■ **Exercise objective**: Your output should be the lines below from the one with "2020年4月21日(周三)" through the one with "Nabízím dvě nové", copied exactly, pictures excluded.

■ **Data for analysis**:
§ §
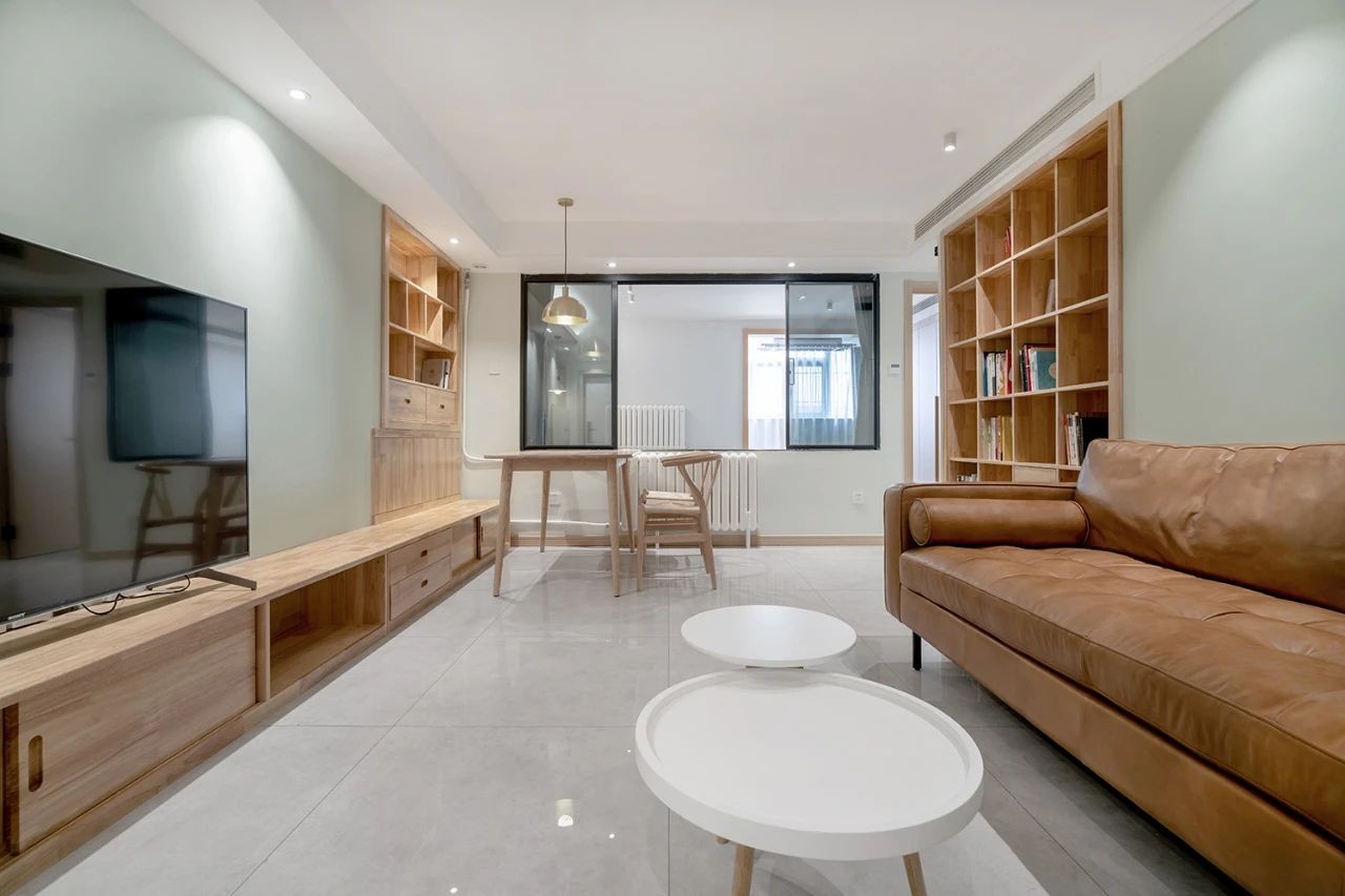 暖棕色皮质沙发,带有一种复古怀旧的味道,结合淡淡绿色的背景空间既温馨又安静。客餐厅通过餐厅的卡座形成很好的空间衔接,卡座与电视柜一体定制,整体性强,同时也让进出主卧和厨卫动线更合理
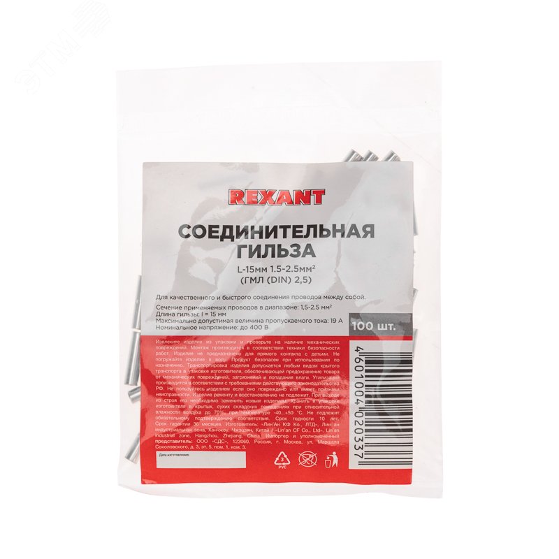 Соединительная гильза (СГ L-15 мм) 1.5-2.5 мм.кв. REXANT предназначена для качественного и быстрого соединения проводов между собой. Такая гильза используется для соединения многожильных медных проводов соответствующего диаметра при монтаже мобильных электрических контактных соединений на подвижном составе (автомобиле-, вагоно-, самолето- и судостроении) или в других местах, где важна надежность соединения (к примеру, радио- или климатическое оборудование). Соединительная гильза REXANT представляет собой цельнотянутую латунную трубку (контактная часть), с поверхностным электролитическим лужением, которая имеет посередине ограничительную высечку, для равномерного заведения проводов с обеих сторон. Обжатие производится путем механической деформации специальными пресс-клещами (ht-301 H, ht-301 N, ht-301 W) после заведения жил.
§ §
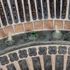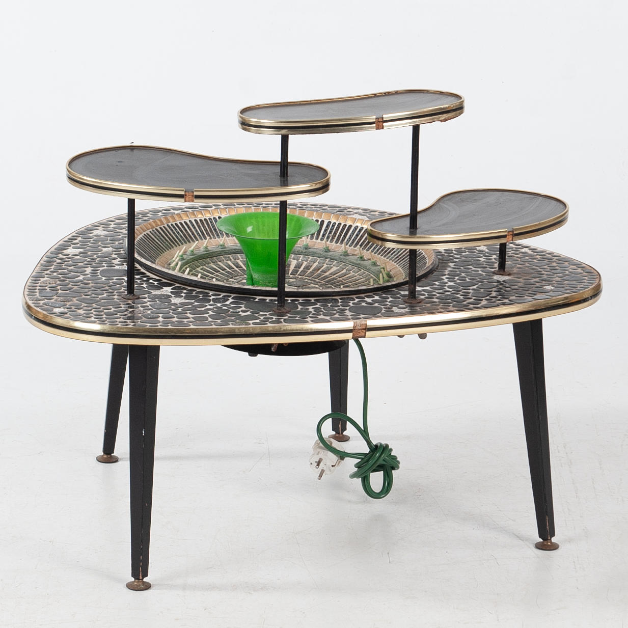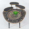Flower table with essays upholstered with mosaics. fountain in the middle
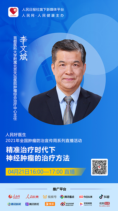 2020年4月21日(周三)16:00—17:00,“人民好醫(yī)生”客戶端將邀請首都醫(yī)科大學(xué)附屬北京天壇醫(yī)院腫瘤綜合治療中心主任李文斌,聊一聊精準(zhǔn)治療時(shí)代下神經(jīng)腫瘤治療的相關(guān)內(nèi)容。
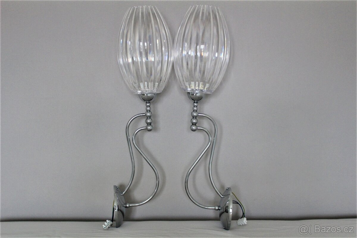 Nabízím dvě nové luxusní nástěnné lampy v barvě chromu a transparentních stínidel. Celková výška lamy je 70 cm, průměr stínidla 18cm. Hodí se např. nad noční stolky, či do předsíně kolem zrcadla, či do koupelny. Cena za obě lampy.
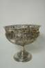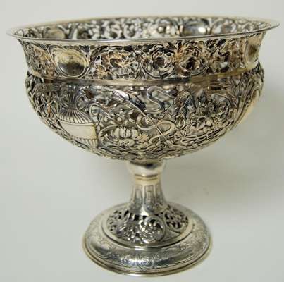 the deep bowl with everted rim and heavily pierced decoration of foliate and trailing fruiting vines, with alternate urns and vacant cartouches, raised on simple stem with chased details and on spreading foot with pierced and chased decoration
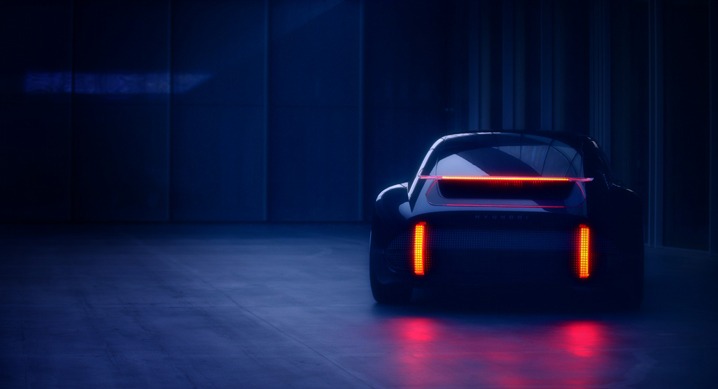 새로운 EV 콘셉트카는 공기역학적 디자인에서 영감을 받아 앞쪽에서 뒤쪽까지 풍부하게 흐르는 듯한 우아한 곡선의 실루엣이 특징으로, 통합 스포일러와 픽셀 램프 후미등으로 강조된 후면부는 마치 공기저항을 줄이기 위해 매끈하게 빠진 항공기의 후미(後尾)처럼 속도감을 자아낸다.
§ §
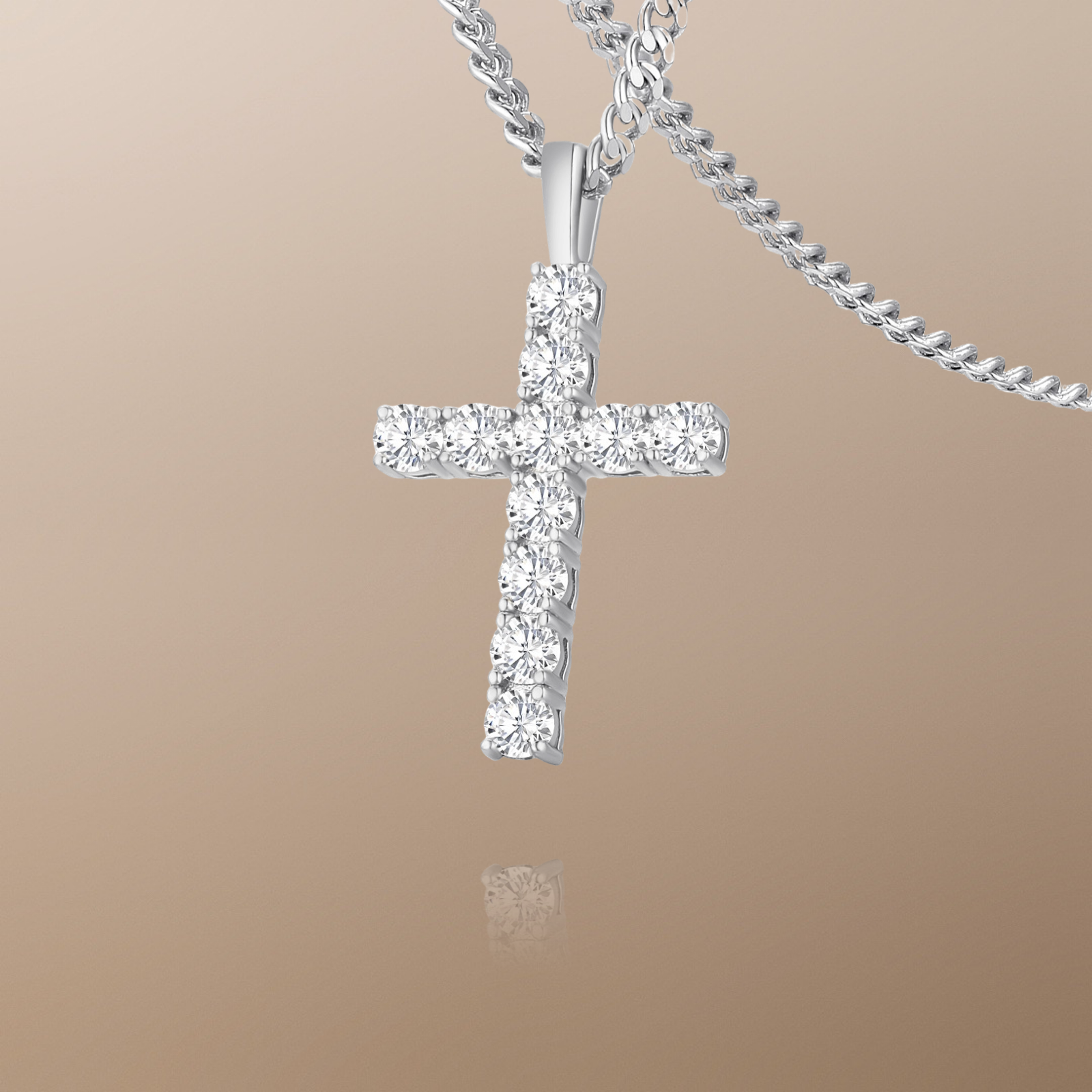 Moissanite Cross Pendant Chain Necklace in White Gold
§ §
■ **Answer**:
 2020年4月21日(周三)16:00—17:00,“人民好醫(yī)生”客戶端將邀請首都醫(yī)科大學(xué)附屬北京天壇醫(yī)院腫瘤綜合治療中心主任李文斌,聊一聊精準(zhǔn)治療時(shí)代下神經(jīng)腫瘤治療的相關(guān)內(nèi)容。
 Nabízím dvě nové luxusní nástěnné lampy v barvě chromu a transparentních stínidel. Celková výška lamy je 70 cm, průměr stínidla 18cm. Hodí se např. nad noční stolky, či do předsíně kolem zrcadla, či do koupelny. Cena za obě lampy.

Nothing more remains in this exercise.